Alexey Lapshin via llvm-dev llvm-dev at lists.llvm.org
Tue Sep 24 10:44:57 PDT 2019


24.09.2019 3:05, David Blaikie пишет:
> On Fri, Sep 20, 2019 at 1:41 PM Alexey Lapshin <a.v.lapshin at mail.ru 
> <mailto:a.v.lapshin at mail.ru>> wrote:
>
>     19.09.2019 4:24, David Blaikie пишет:
>>     On Wed, Sep 18, 2019 at 7:25 AM Alexey Lapshin
>>     <a.v.lapshin at mail.ru <mailto:a.v.lapshin at mail.ru>> wrote:
>>
>>>             1. Minimize or entirely avoid references from
>>>             subprograms into other parts of .debug_info section.
>>>             That would simplify splitting and removing subprograms
>>>             out in that sense that it would minimize the number of
>>>             references that should be parsed and followed.
>>>             (DW_FORM_ref_subroutine instead of DW_FORM_ref_*, ?)
>>>
>>>
>>>         Not sure I follow - by "other parts of the .debug_info
>>>         section" do you mean in the same CU, or cross CU references?
>>>         Any particular references you have in mind? Or encountered
>>>         in practice?
>>         I mean here all kinds of references into .debug_info section.
>>
>>
>>     Ah, not only references from other places /into/ .debug_info
>>     (which don't really exist, so far as I know) but any references
>>     to locations within debug_info.
>>
>>     Reducing these isn't super-viable - types being the most common
>>     examples. Though now I understand what you're getting at partly
>>     around the debug_type_table idea - adding a level of indirection
>>     to type references. So it'd be easy to find only one place to fix
>>     when removing chunks of debug_info (updating only the type table
>>     without having to find all the places inside debug_info to
>>     touch). That indirection would come at a size cost, of course -
>>     and an overhead for DWARF parsers having to follow that
>>     indirection. Doesn't make it impossible - just tradeoffs to be
>>     aware of.
>>
>>     Though that's not the only DIE references - without removing them
>>     all there'd still be a fair bit of overhead for finding any
>>     remaining ones and applying them. If an indirection table is to
>>     be added, maybe a generalized one (for any DIE reference) rather
>>     than one only for types would be good.
>>
>     yes, some general indirection table would probably be useful.
>     But, types would still require specialized handling.
>     Types have "type hash" and need some specific logic around that.
>
> This indirection is essentially the same as relocations & could be 
> implemented that way (though no matter the solution you'd need some 
> attribute on the CU that says "I don't use any CU-local DIE offsets" 
> so an implementation didn't have to go searching/scanning for such 
> offsets (though I guess it'd be cheap to scan for that by just looking 
> at the abbreviations & if you don't see any CU-local DIE offset forms, 
> use the fast-path)). A custom DWARF format would be potentially more 
> compact than general ELF relocations.

I see, so indirection table(or just relocations) will speedup references 
patching. There would not be necessary to parse DWARF to find all 
references which should be corrected. They already would be gathered in 
the "indirection table"(or relocations table) and as the result patching 
process would be executed faster.

But that solution has a cost. You've already mentioned it. Size of debug 
info would be increased.

My original suggestion was to evaluate variant with a minimal size of 
debug info.
"Types table"/"bag of DWARF" allows us to have minimal size by 
deduplicating base/proxy types and avoiding fragmentation.
And if performance would be insufficient, then speed up it.
Indirection table is an option which would allow having that speedup.

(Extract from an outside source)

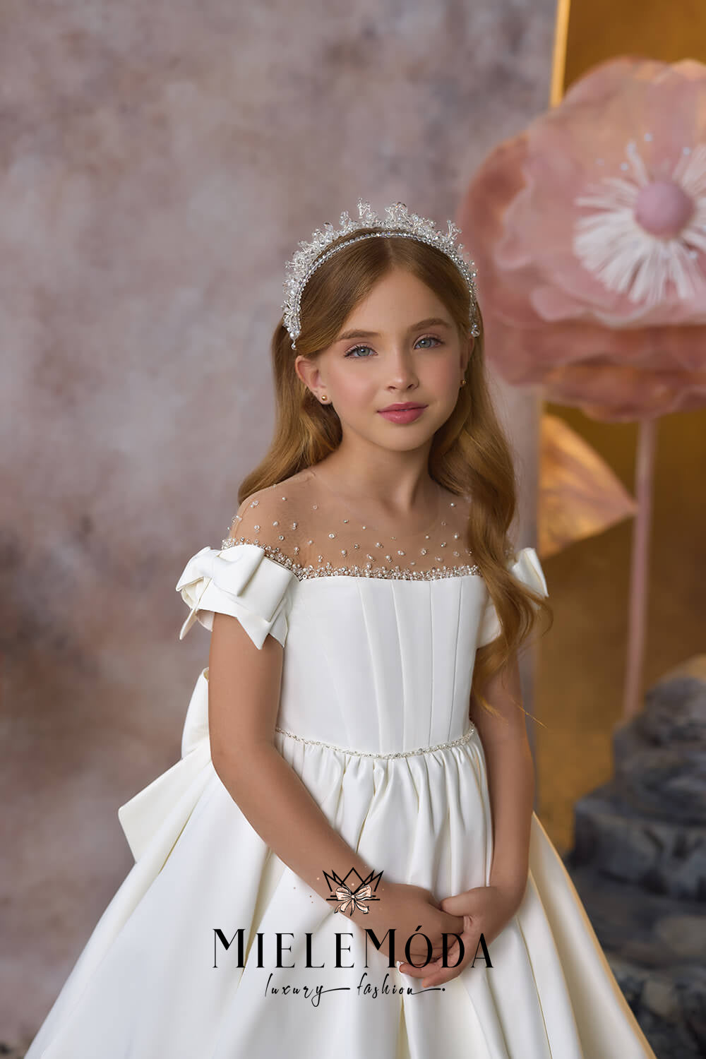 The Radiant Ivy luxury flower girl and party dress is a stunning embodiment of elegance and charm. Designed for memorable occasions, this gown features a floor-length, full-circle princess skirt, and a fitted pleated bodice adorned with hand-stitched beadwork that adds a touch of sparkle. The illusion neckline and delicate cap sleeves, accented with charming bow details, offer a graceful silhouette. An oversized bow at the waistline enhances the ballroom silhouette, complemented by a long, flowing train. Crafted from the finest European lace, satin, and mesh fabrics, it offers premium comfort with a fully lined interior, perfect for making any little girl feel like a princess. The dress is completed with a zipper and buttons closure for a secure fit. Ideal for flower girls, first communions, and many special events!

>>>             2. Create additional section - global types table
>>>             (.debug_types_table). That would significantly reduce
>>>             the number of references inside .debug_info section. It
>>>             also makes it possible to have a 4-byte reference in
>>>             this section instead of 8-bytes reference into type unit
>>>             (DW_FORM_ref_types instead of DW_FORM_ref_sig8). It also
>>>             makes it possible to place base types into this section
>>>             and avoid per-compile unit duplication of them.
>>>             Additionally, there could be achieved size reduction by
>>>             not generating type unit header. Note, that new section
>>>             - .debug_types_table - differs from DWARF4 section
>>>             .debug_types in that sense that: it contains unique type
>>>             descriptors referenced by offsets instead of list of
>>>             type units referenced by DW_FORM_ref_sig8;  all table
>>>             entries share the same abbreviations and do not have
>>>             type unit headers.
>>>
>>>
>>>         What do you mean when you say "global types table" the
>>>         phrasing in the above paragraph is present-tense, as though
>>>         this thing exists but doesn't seem to describe what it
>>>         actually is and how it achieves the things the text says it
>>>         achieves. Perhaps I've missed some context here.
>>
>>
>>         The "global types table" does not exist yet. It could be
>>         created if the discussed approach would be considered useful.
>>
>>
>>     Ah, the present-tense language was a bit confusing for me when
>>     discussing a thing that doesn't exist yet & not having provided a
>>     description of what it might be or might contain and why it would
>>     exist/what it would achieve.
>
>     I should've written it more precise.
>
>
>>         Please check the comparison of possible "global types table"
>>         and currently existed type units: https://reviews.llvm.org/P8164
>>
>>     Ah, that proposed version makes it easy to remove subprograms
>>     from debug_info without having to fix up type references (but you
>>     still have to have the code to fix up other cross-CU references,
>>     like abstract_origin, so I'm not sure it provides that much
>>     value) but doesn't make it easy to remove types (becaues you'd
>>     have to go looking through the debug_info section to update all
>>     the type offsets (which I guess you have to do anyway to find the
>>     type references)  and removing the types still also requires
>>     fixing up the types that reference each other...
>>
>>     So I'm not seeing a big win there.
>
>     Correct. Even if types were put into a separated table, there
>     still would be necessary to:
>      "go looking through the debug_info section to update all the type
>     offsets";
>      "removing the types still also requires fixing up the types that
>     reference each other".
>
>      But additionally it allows to have following benefits:
>
>      1. Size reduction by remove fragmentation. In
>     "-fdebug-types-section" solution every type which is put  into
>     type unit requires:
>        - additional type unit header,
>        - section header(since it put into separate section),
>        - proxy type copies inside compilation unit.
>
>       Putting types into separate table allows not to create above
>     data for every type.
>
>     2. Size reduction by deduplicate base types. In
>     "-fdebug-types-section" solution base types are not deduplicated
>     at all.
>
>
> Base types are pretty small - not sure there'd be much to save by 
> indirection (for classic base types like "int" - for non-trivial but 
> non-user-defined types like subroutine types there might be more 
> opportunity for savings). & you'd still have some cost of indirection 
> to tradeoff - so I don't think it's always going to be the right 
> solution to indirect everything.
>
> There's a lot of design considerations in this problem space, let's 
> put it that way.

For the clang binary they(base/proxy types) take ~1.5% of overall 
.debug_info + .debug_types. Another ~1.5% takes fragmentation from #1.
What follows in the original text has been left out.